Pelo sistema da OMC, todos os 148 membros da organização precisam aprovar a entrada de um país. Se um deles rejeitar, a entrada do candidato simplesmente não é aceita.

Por isso, é no momento da entrada que cada país já integrante da OMC aproveita para impor suas condições, com concessões de vantagens do país candidato durante os cinco anos que antecedem à adaptação completa às regras da organização.

O Brasil quer que a Rússia faça concessões como o aumento de quotas de importações de carne e açúcar brasileiros, mas o governo russo insiste que, pelo menos no setor de carne, já fez grandes concessões para conseguir o apoio da Europa e dos Estados Unidos.

Por isso, restaria pouco espaço para fazer concessões ao Brasil. No caso do açúcar, a Rússia alega que precisa manter seu sistema de proteções para permitir a sobrevivência de seus plantadores de açúcar de beterraba.

Conselho de Segurança

A declaração conjunta dos presidentes Lula e Vladimir Putin, a ser divulgada nesta terça-feira, deverá mostrar "uma aproximação das visões da Rússia e do Brasil em relação à reforma do Conselho de Segurança da Organização das Nações Unidas (ONU)", segundo apurou a BBC Brasil.

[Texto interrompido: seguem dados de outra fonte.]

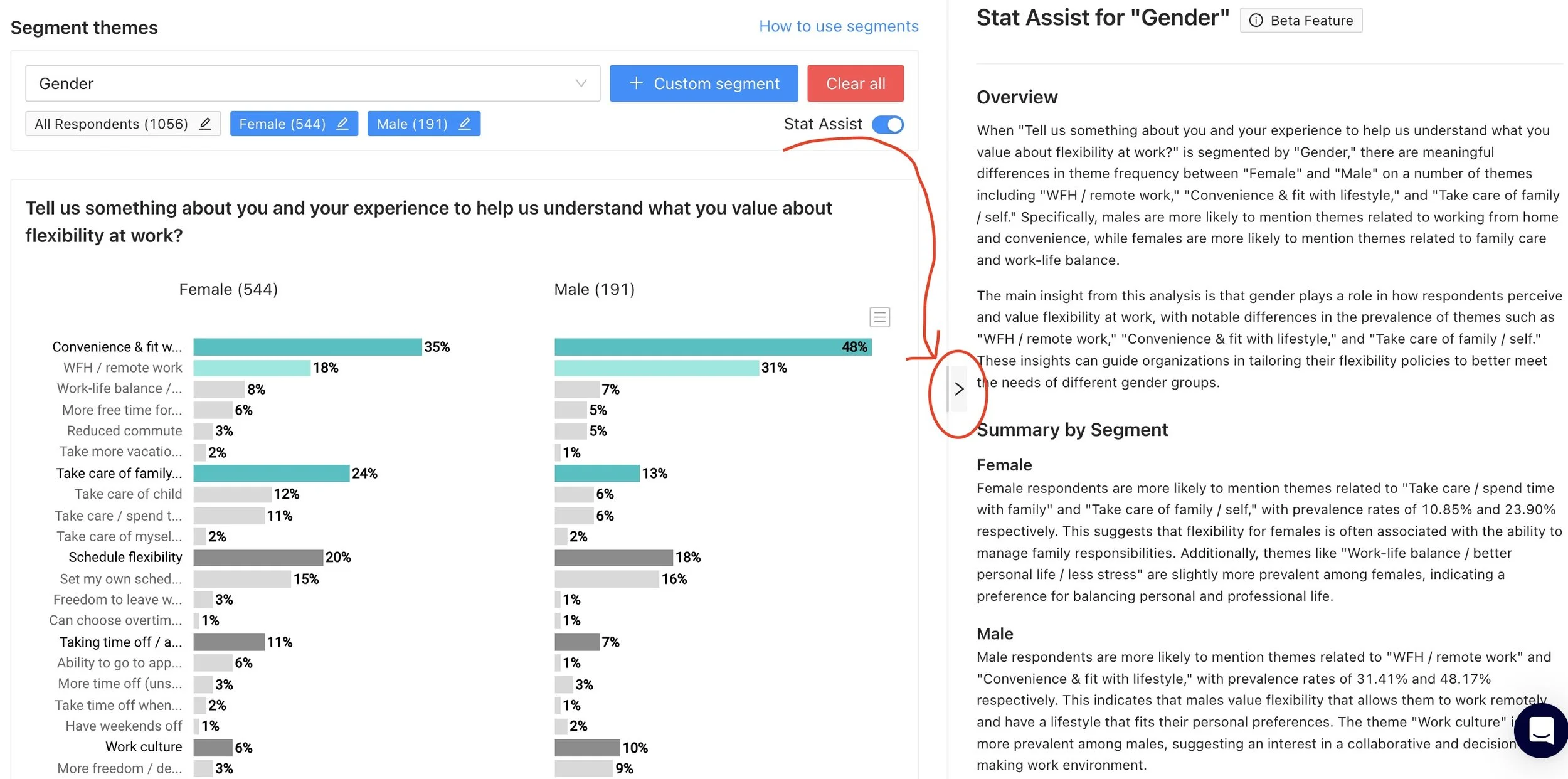Stat Assist helps you surface statistically significant differences across the distribution of open-ended themes — empowering you to quickly spot patterns that can drive smarter strategies and faster decision-making.

A Rússia apóia a entrada do Brasil no Conselho de Segurança da ONU, mas havia uma divergência entre os dois países em relação ao prazo da reforma e à necessidade de consenso.

Para o Brasil e o G-4 (grupo que além do Brasil inclui Alemanha, Japão e Índia), a reforma do Conselho pode ser aprovada pela maioria dos integrantes da Assembléia-Geral da ONU, o que significaria "aproveitar essa janela de oportunidade", segundo fontes da comitiva do presidente Lula.

Já a Rússia vinha defendendo a necessidade de um consenso para aprovação da reforma, o que poderia levar a uma demora maior para aprovação.

A posição da Rússia é importante porque o país é membro permanente do atual Conselho de Segurança.

De acordo com essa fonte, as negociações de última hora entre representantes dos dois governos permitiu maior aproximação entre as posições dos dois países, o que será refletido na declaração conjunta.